The use of a smartphone is associated with the possibility of performing on site analysis, i.e. at the place of sampling, without the need to involve a chemical laboratory. Therefore, there is no need to transport samples, which may be associated with further cost reduction and limitation of the risk of losing the sample representativeness. However, the results of determinations using smartphones are quite uncertain, which means that they can be used as a rough evaluation tool.

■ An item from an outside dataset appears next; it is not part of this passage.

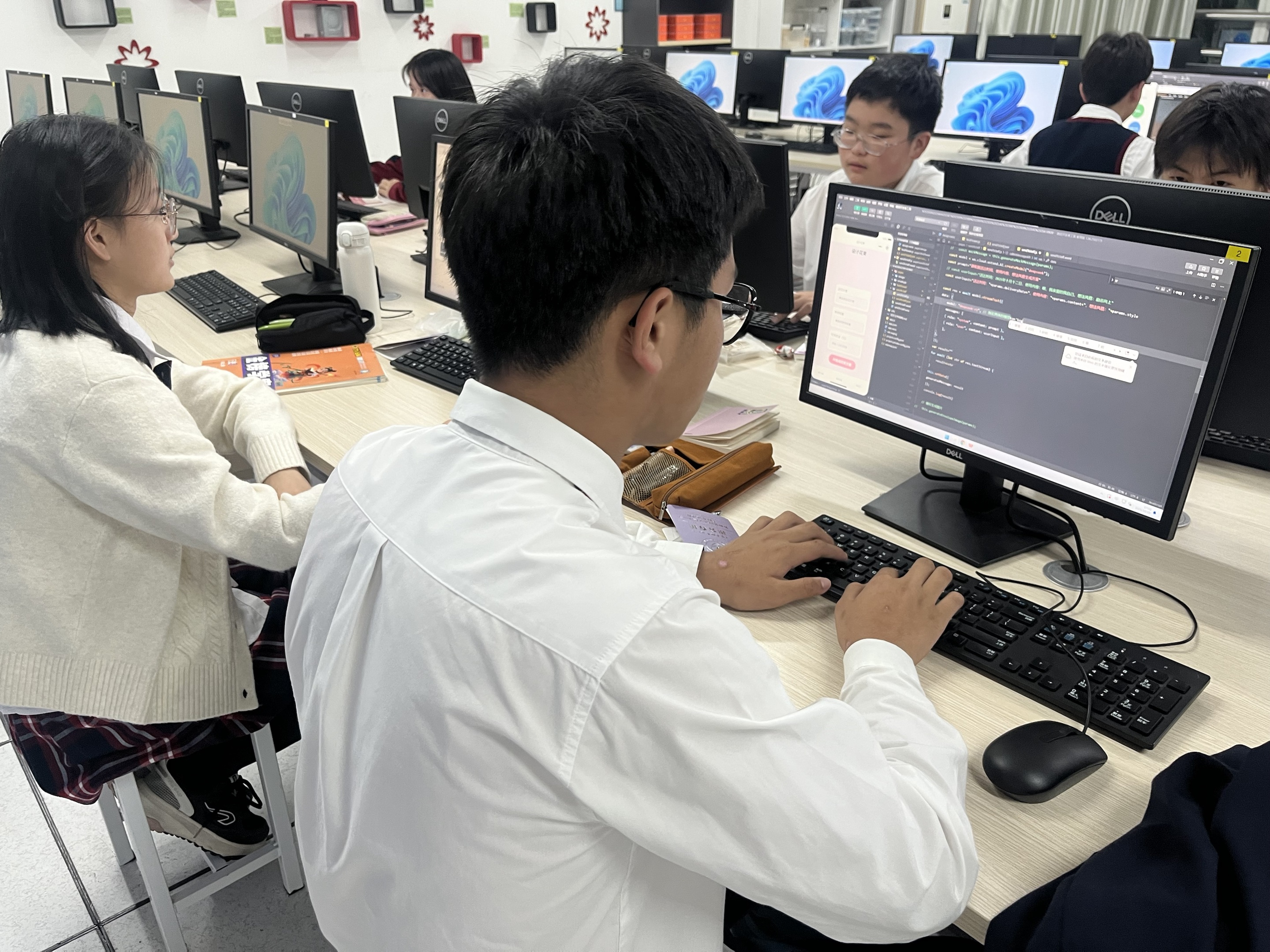 AI编程助手成为每个小组的“编外队员”, 从项目构思阶段利用AI进行可行性分析,到开发阶段借助其理解代码逻辑、调试错误、优化代码,学生们体验了人与AI协作的现代化应用开发流程。面对陌生的技术概念,他们学习如何向AI精准提问;遇到程序报错,他们与AI共同“会诊”,排查问题根源。这不仅极大地降低了学习门槛,更培养了学生与智能工具高效协作的数字时代核心素养。

Analysis of literature data of smartphones application for evaluation of soil quality shows that this is a relatively new promising area, due to most of the investigations were published in 2019–2022. However, smartphone-based procedures significantly differ both efforts made for its developments and the way how it could be applied. The easiest procedures assume application of test strips or paper-based colorimetry coupled with further exploiting smartphone-assisted image acquisition. Such procedures could be used for nutrient content analysis as well as contaminants determination. The great efforts were done to provide smartphone-based procedures for physical soil properties, such as soil colour analysis used for soil profiling. The reason is that such procedures require significant labor in the stage of the development and assume soil photos analysis and their correct interpretation for soil classification. Establish of the smartphone-based devices that could provide multicomponent analysis and integrates major soil parameters with the aim to overall soils quality seems to be the most perspective way of the modern agriculture development as well as smartphone integration into this area. Therefore, intensive research should be expected in this field which significantly contribute to the further expansion of the possibilities of smartphones application as an analytical tool.

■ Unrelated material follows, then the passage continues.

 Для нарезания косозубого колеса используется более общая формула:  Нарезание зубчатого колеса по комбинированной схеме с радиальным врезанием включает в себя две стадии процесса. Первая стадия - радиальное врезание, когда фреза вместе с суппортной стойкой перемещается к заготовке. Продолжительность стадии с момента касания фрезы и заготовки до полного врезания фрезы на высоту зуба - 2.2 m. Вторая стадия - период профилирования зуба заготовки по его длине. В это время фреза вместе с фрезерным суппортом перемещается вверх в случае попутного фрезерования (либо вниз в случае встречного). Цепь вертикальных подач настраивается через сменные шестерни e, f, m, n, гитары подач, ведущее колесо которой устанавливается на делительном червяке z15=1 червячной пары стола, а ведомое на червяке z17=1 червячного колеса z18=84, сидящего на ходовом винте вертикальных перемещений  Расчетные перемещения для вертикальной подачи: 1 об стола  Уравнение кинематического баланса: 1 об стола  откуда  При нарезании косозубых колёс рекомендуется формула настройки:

Limitation of the smartphone’s application in the agriculture for chemical soil analysis could be connected to both chemical and technical reasons. Chemical limitations are related to the reaction used for the receiving of colour product for desired analytes and providing of colorimetric detection. The sensitivity of smartphone devices in many cases is considerably worse than for more sophisticated instruments like mass spectrometry; thus, smartphones are rarely used for trace analysis and determination of such soil pollutants as polycyclic aromatic hydrocarbons, pesticides, or antibiotics residue. Additionally, tedious sample preparation for trace analytes preconcentration and dealing with matrix effect is required, while smartphone-based device assumes fast and not labour intensive approaches. Technical limitation could be related to the smartphone itself, particularly in camera’s parameters. Different types of cameras from various manufacturers and with different lenses could be a reason of low reproducibility of the results on a large number of devices.

Among the future trends, all-in-one smartphone-based devices seem to be preferable for agricultural soils analysis that enables users to complete a self-assessment about soil quality and receive a performance report including actionable insight to identify how to improve soil quality for productive and sustainable agriculture.